YOUR TASK → After locating the line with "Developing programming and" below, output it and each following line exactly, stopping after the line with "商品售后服务认证实施规则". No pictures.

INFORMATION →
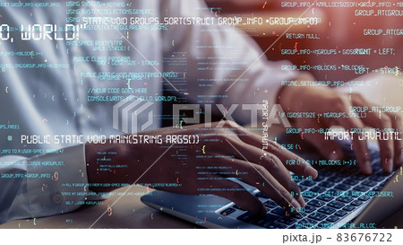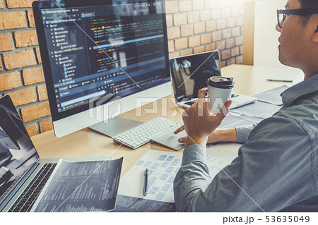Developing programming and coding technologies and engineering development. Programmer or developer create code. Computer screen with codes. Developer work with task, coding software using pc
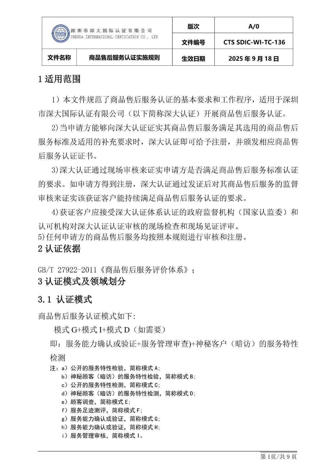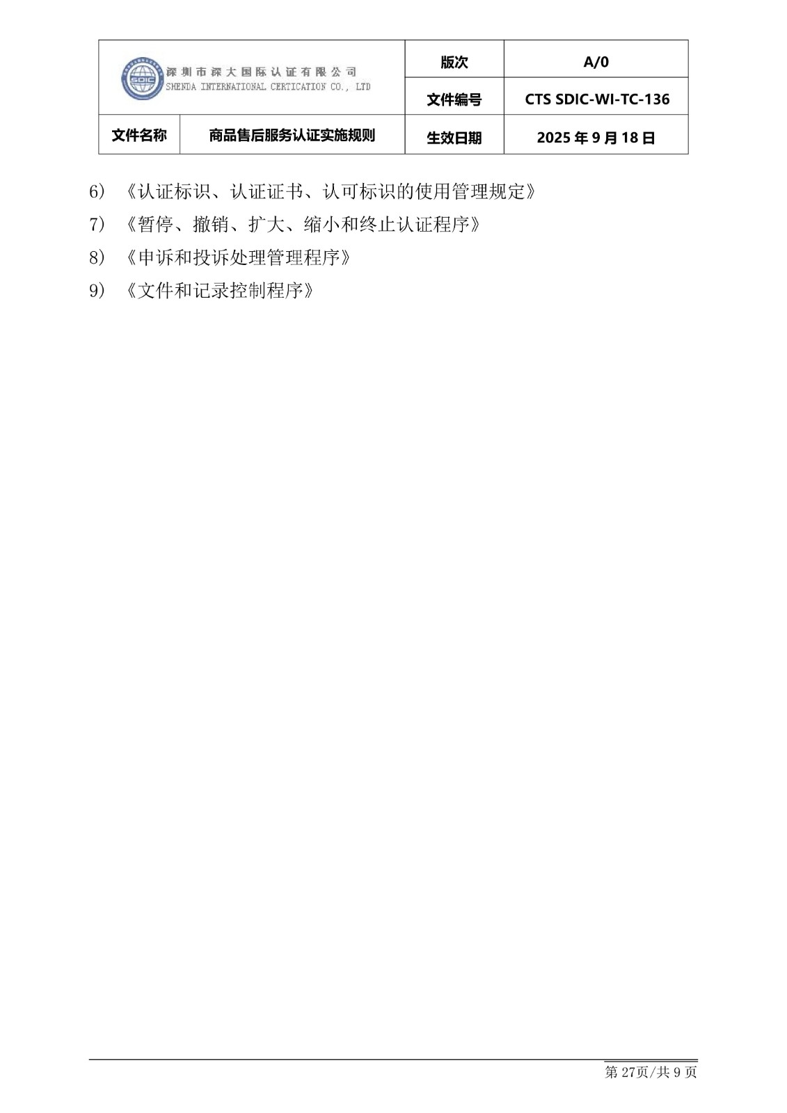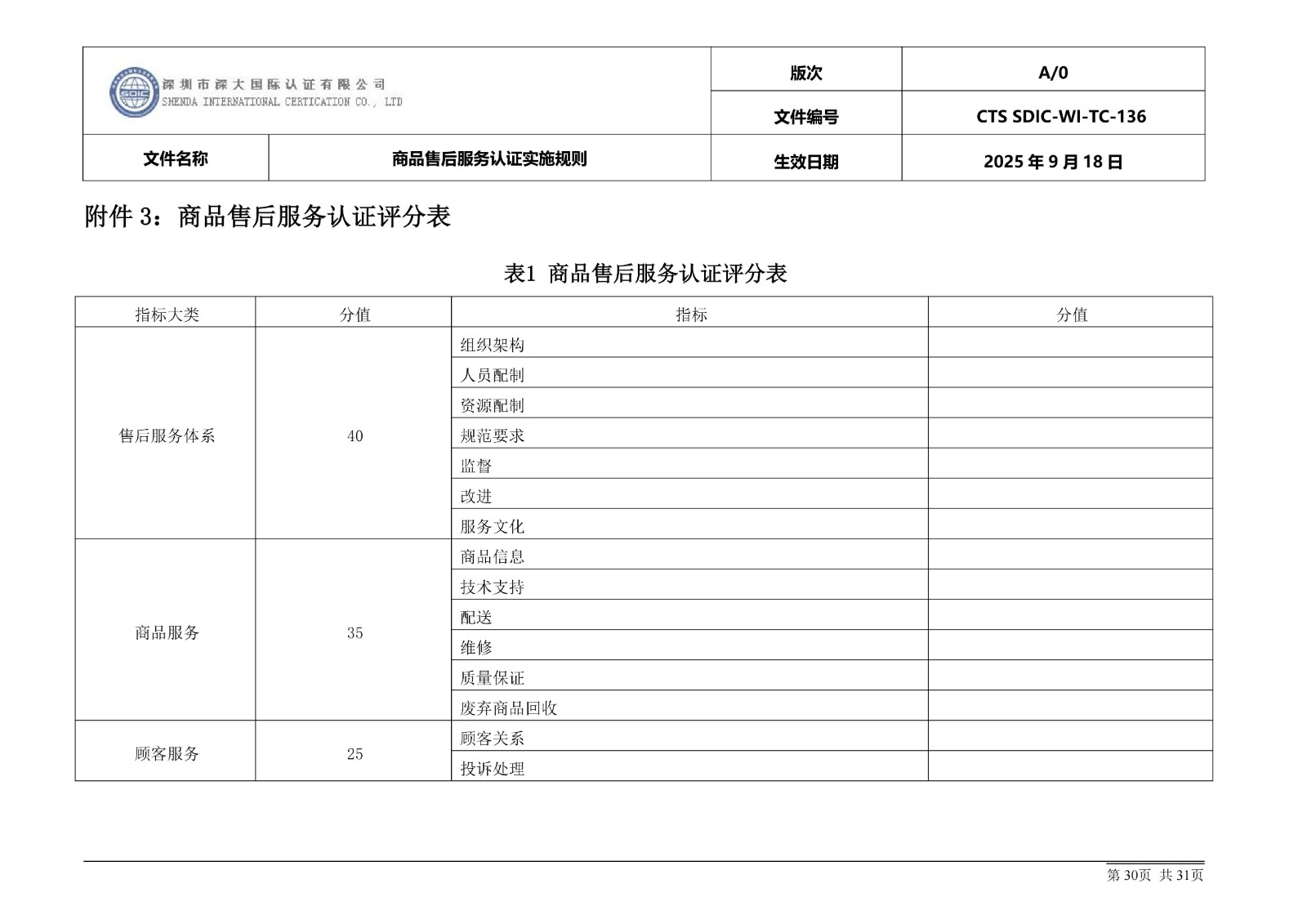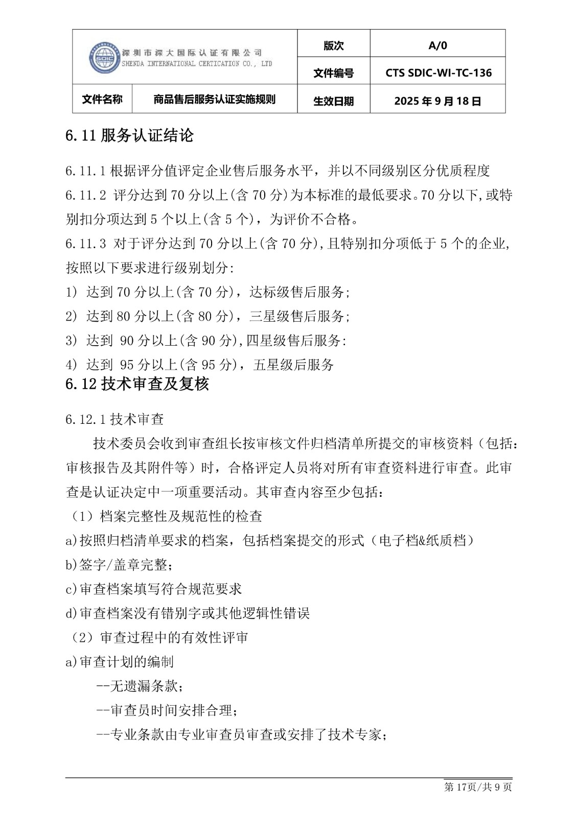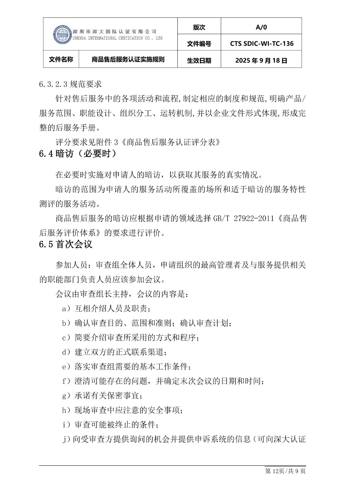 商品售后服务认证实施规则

---

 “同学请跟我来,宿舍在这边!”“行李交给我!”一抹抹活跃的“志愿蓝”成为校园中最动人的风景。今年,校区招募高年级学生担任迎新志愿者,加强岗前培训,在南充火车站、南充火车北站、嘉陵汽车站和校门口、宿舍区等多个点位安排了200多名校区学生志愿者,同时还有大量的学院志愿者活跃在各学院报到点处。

EXERCISE RESPONSE →
Developing programming and coding technologies and engineering development. Programmer or developer create code. Computer screen with codes. Developer work with task, coding software using pc
 商品售后服务认证实施规则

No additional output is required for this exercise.